= John Henry Hopkins Jr. =

American journalist

John Henry Hopkins Jr. (October 28, 1820 – August 14, 1891) was an American clergyman and hymnodist, most famous for composing the song "We Three Kings of Orient Are" in 1857 (even though it does not appear in print until his Carols, Hymns, and Songs in 1863).

==Life==
Hopkins was born in Pittsburgh, Pennsylvania, the son of John Henry Hopkins, an Episcopal bishop. Hopkins graduated from the University of Vermont with an A.B. in 1839, and then a Master's Degree in 1845. After a stint as a journalist, he graduated from the General Theological Seminary in 1850, and became a deacon, author, illustrator, and designer. He was the seminary's first music teacher from 1855 to 1857, composed several hymns, and edited the Church Journal.

He wrote words and music to his most famous hymn, "We Three Kings", as part of a Christmas pageant for his nieces and nephews. It is suggested to have been written in 1857 but did not appear in print until his Carols, Hymns, and Songs in 1863.

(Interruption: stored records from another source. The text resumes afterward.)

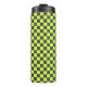 Vibrant Green and Grey Chequered Pattern Thermal Tumbler
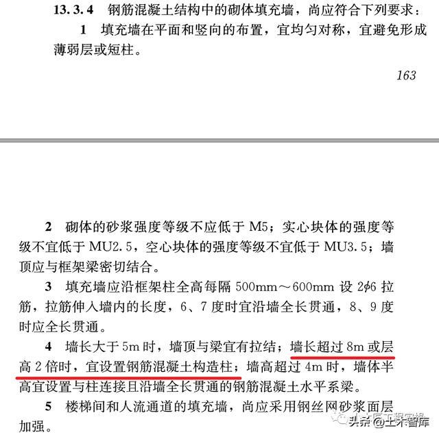 2、当按照国标执行时,遇到较长的填充墙时,应按照间距不大于4米设置构造柱;明眼的小伙伴应该发现三本规范中关于墙长超过5m和8m是矛盾的,其实逻辑上讲并不矛盾,墙长8m且间距不大于4m其实就是要求墙长超过5m必须要加构造柱了,但是墙长8m且间距不大于4m的适用性更广,因为对于超过8m的填充墙,GB50003的构造柱要求就不够明确了。
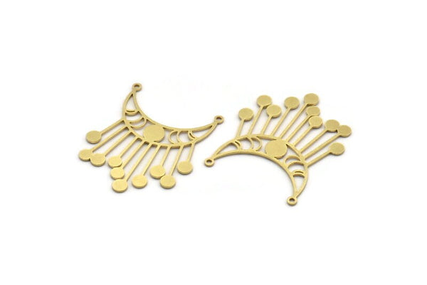 Brass Moon Charm, 6 Raw Brass Crescent Moon Charms With 2 Loops, Necklace Charms, Fringed Charms (39x32x0.80mm) A6341
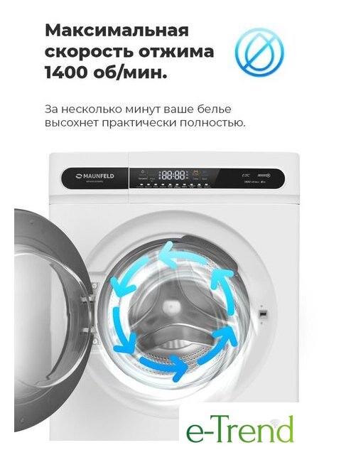 | Максимальная скорость отжима | 1400 об/мин |
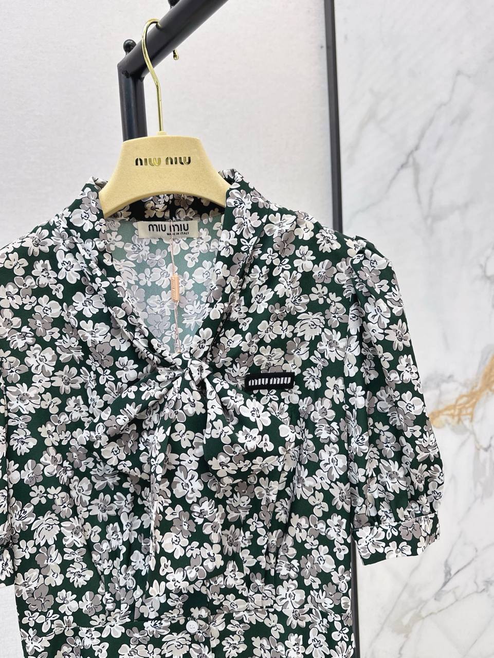 Платье Miu Miu LUX-118481 выполнено в романтичном стиле с цветочным принтом. Платье имеет глубокий V-образный вырез, короткие рукава и элегантную юбку. Этот наряд подойдет для различных мероприятий, от повседневных прогулок до вечерних выходов.
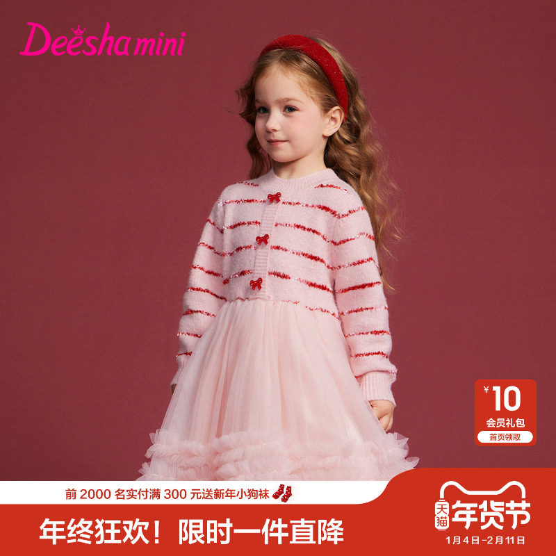 巴拉巴拉童装儿童针织连衣裙女童2025秋冬装新款公主拼接网纱裙子
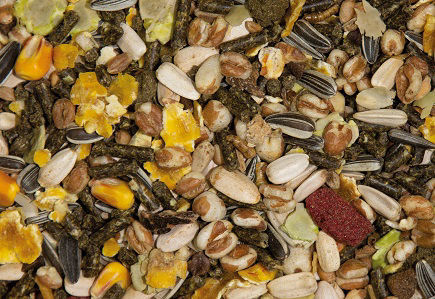 Majs, solsikkefrø, lucerne, hvede, ærteflager, byg, johannesbrød, boghvede, soja, roer, jordnødder, melorme, timothy hø, gulerodsskiver,
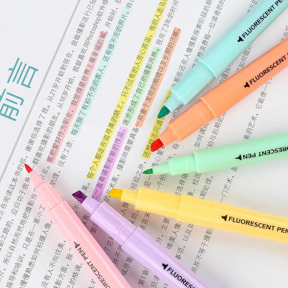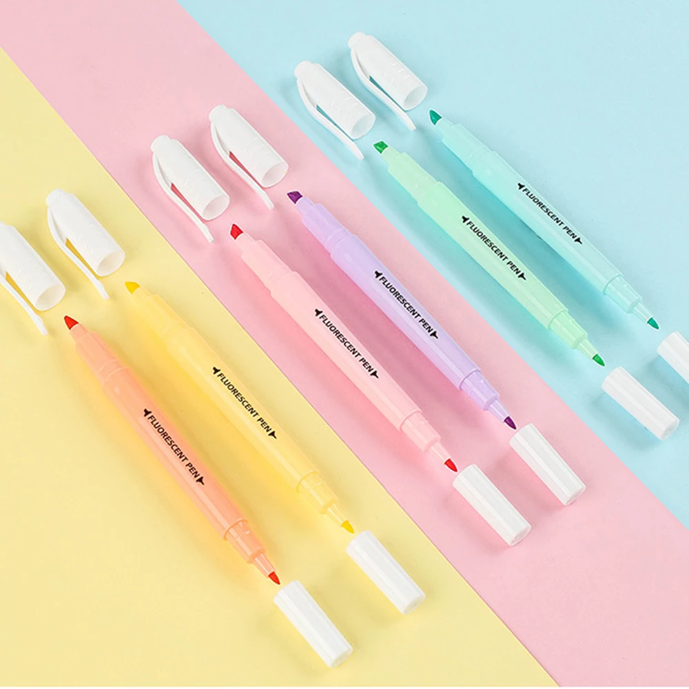 Маркеры флуоресцентные 6 шт.набор, двусторонние, милый маркер, Канцтовары, принадлежности для школы и офиса
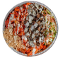 Seasoned gyro and chicken served over rice, with our homemade white sauce, lettuce, tomato, onion and cilantro.
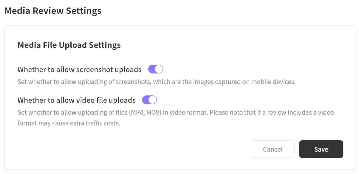 Whether to allow video file uploads: By activating this setting, you get collect video reviews. Please note that displaying media reviews through widgets may cause extra traffic costs.
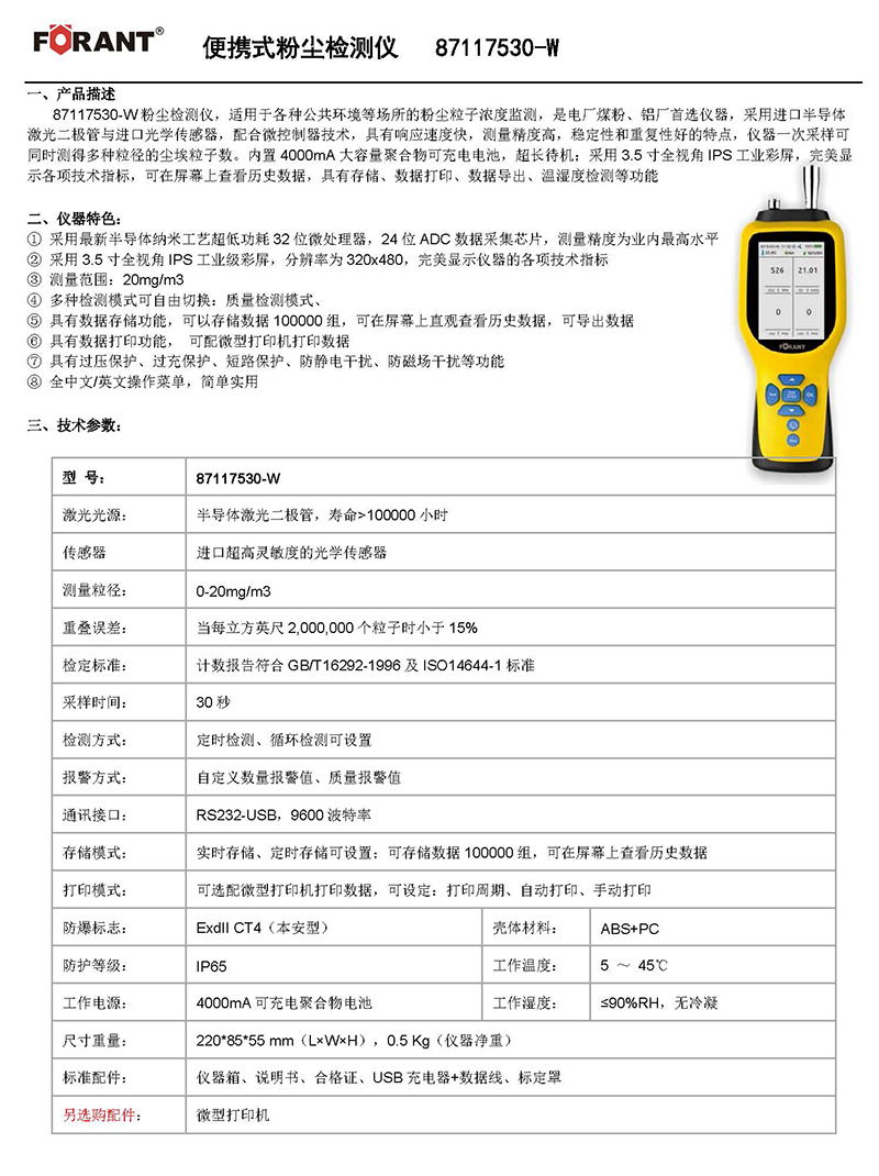 测量粒径:0-20mg/m3

Hopkins served as rector of Trinity Church in Plattsburgh, New York from 1872 to 1876 and of Christ Episcopal Church in Williamsport, Pennsylvania from 1876 to 1887. He delivered the eulogy at the funeral of President Ulysses S. Grant in 1885, and died in Hudson, New York. He was buried next to his father at Bishop's House, Rock Point, Burlington, Vermont. Hopkins' nephew, Charles Filkins Sweet, wrote a biography of his uncle entitled A Champion of the Cross, Being the Life of John Henry Hopkins, S.T.D.

His nephew, John Henry Hopkins III, is credited with the music for "I Sing a Song of the Saints of God", a popular children's hymn in the Episcopal Church in America.